It is daunting to come back to blogging after letting time slip away. Do I recap every event? Move on and pretend like I wasn't away? Who knows. Just going to write, see what happens.
The last two weeks before my birthday were pretty symbolic of my last year. Amazing highs... including the awesome marathon and all the support I received from friends and loved ones, four fantastic Thanksgiving dinners that reflected all the different "groups" we are fortunate enough to be associated with, a lovely birthday day spent with my men, Trent and Pilot out hiking in nature and then boogie-ing down until the wee hours of the morning with good friends.

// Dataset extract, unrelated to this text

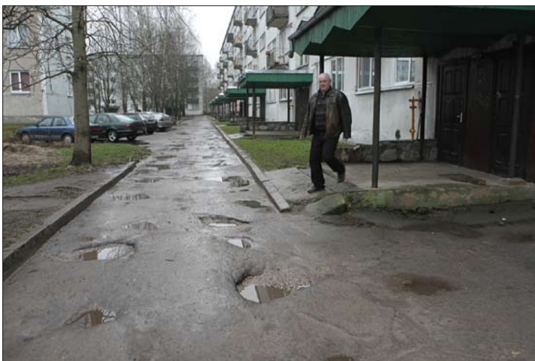
Šogad jau sāka koplietošanas ielu sakārtošana, aizlāpot gadiem ilgi veidojušās lielās bedres, un tas turpināsies arī nākamgad, kad kārtā varētu pienākt arī Pērnavas ielas 18. nama iebraucamajam ceļam.

And some pretty rough lows... most prominently the passing of my best friend's mother. Suddenly and all too soon, she lost her fight against cervical cancer. I spent a lot of time on the phone with my friend, but couldn't find the words to say to make it better. I felt like a failure, here I am, a cancer biologist... giving fruit flies tumors. I felt stifled by this never-ending degree I am chasing, terribly homesick being so far away, and just down.
But also, like this year in general, I found my way back to the surface. I leaned hard on some good friends (especially Amanda and the lovely ladies of our first Thanksgiving, Becca, Sheila and Rebecca). I threw myself into cooking for my friends and helping co-host a bachelorette party to much success. I ran a lot. I did a lot of yoga. I worked like a mad man on this paper, being SO close to being done with it and so ready to move on to the next chapter. And I started, as I have noticed I tend to do in response to trying times, to make big life decisions. Including pretty conclusively deciding on my post-doc lab. I am a little hesitant to discuss it right now, as it is a fairly big leap and I don't want to jinx myself, but it feels amazingly right (SO many thanks to my friend Calen for making me think about what I would want to do if I could do ANYTHING... and then going for it). And on Saturday night, moments before heading into the bar to dance my birthday night away, I got to tell these plans to my best friend. And I felt like I finally was doing something to help.
But through it all, as always, I had Trent. Despite being insanely busy (I have no idea how he is managing these days), he was there for me. I am quite an extrovert and get energized by being surrounded by people and crowds. Therefore, I often feel that he doesn't get the best of me. It is after the party is over, after the friends have left, that I tend to fall apart. And that's when he is there for me. To talk, to just sit and be sad, to go on long runs with me... he's always there. I am so fortunate.